Predators: Plecoptera, Coleoptera, Hemiptera, Odonata Shredders: Ephemeroptera Scrapers: Gastropoda Collectors: Trichoptera, Diptera (Chironomidae, Simuliidae, Tipulidae)

We will collect data from organisms attached to the gravel baskets you set out on Sept 1, 2009. After 4 weeks these rocks should be well colonized. Our first task is to classify macroinvertebrates into each ecological functional group and compare proportional representation of these groups between riffle and pool baskets.

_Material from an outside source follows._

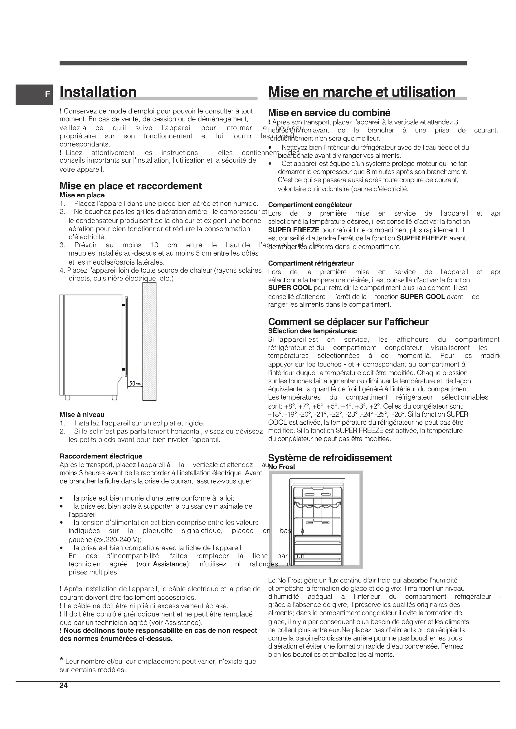 - Cetappareilestéquipéd’unsystèmeprotège-moteurquinefait démarrerlecompresseurque8minutesaprèssonbranchement. C’estcequisepasseraaussiaprèstoutecoupuredecourant, volontaireouinvolontaire(panned’électricité. Compartiment congélateur Lors de la première mise en service de l’appareil et après avoir sélectionnélatempératuredésirée,ilestconseilléd’activerlafonction SUPER FREEZEpourrefroidirlecompartimentplusrapidement.Il estconseilléd’attendrel’arrêtdelafonctionSUPER FREEZEavant derangerlesalimentsdanslecompartiment. Compartiment réfrigérateur Lors de la première mise en service de l’appareil et après avoir sélectionnélatempératuredésirée,ilestconseilléd’activerlafonction SUPER COOLpourrefroidirlecompartimentplusrapidement.Ilest conseilléd’attendre l’arrêtdela fonctionSUPER COOLavant de rangerlesalimentsdanslecompartiment. Comment se déplacer sur l’afficheur SÈlection des températures: Sil’appareilest en service, les afficheurs du compartiment réfrigérateuretdu compartiment congélateur visualiseront les températures sélectionnées à ce moment-là. Pour les modifier, appuyersurlestouches-et +correspondantaucompartimentà l’intérieurduquellatempératuredoitêtremodifiée.Chaquepression surlestouchesfaitaugmenteroudiminuerlatempératureet,defaçon équivalente,laquantitédefroidgénéréàl’intérieurducompartiment. Lestempératures du compartiment réfrigérateur sélectionnables sont:+8°,+7°,+6°,+5°,+4°,+3°,+2°.Cellesducongélateursont: –18°,-19°,-20°,-21°,-22°,-23°,-24°,-25°,-26°.SilafonctionSUPER COOLestactivée,latempératureduréfrigérateurnepeutpasêtre modifiée.SilafonctionSUPERFREEZEestactivée,latempérature ducongélateurnepeutpasêtremodifiée. Système de refroidissement No Frost LeNoFrostgèreunfluxcontinud’airfroidquiabsorbel’humidité etempêchelaformationdeglaceetdegivre:ilmaintientunniveau d’humidité adéquat à l’intérieur du compartiment réfrigérateur et, grâceàl’absencedegivre,ilpréservelesqualitésoriginairesdes aliments;danslecompartimentcongélateurilévitelaformationde glace,iln’yaparconséquentplusbesoindedégivreretlesaliments necollentplusentreeux.Neplacezpasd’alimentsouderécipients contrelaparoirefroidissantearrièrepournepasboucherlestrous d’aérationetéviteruneformationrapided’eaucondensée.Fermez bienlesbouteillesetemballezlesaliments. *Leurnombreet/ouleuremplacementpeutvarier,n’existeque surcertainsmodèles.F
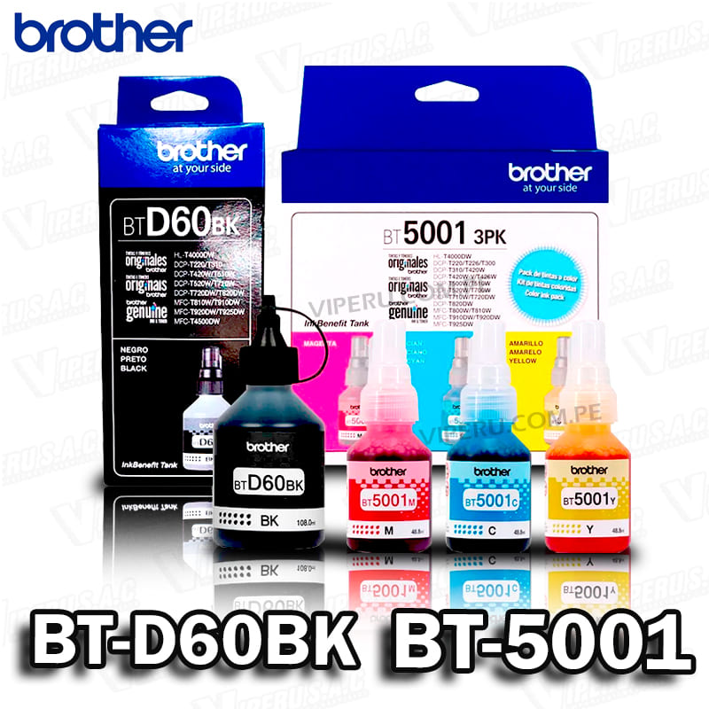 Juego de Tinta Brother Tripack BT-5001 Colores CMY y BTD-60BK Negro Original

Analysis We will have about 10 baskets from each habitat type which should hopefully provide sufficient statistical power to detect effects. To test for differences between habitat type we will use factorial ANOVA (ANalysis Of VAriance) using habitat type (S, P) and ecological functional group (P, SH, Sc, C) as categorical predictors. Because we will be using proportional data (i.e., not normally distributed) we will have to do an arcsine square root transformation (in Excel: =ASIN(SQRT(A2)). This ‘hocus pocus’ is standard procedure for rendering proportional data suitable for statistical analysis by parametric procedures such as ANOVA. The interaction term of the ANOVA will tell us if the representation of each functional group differed by habitat.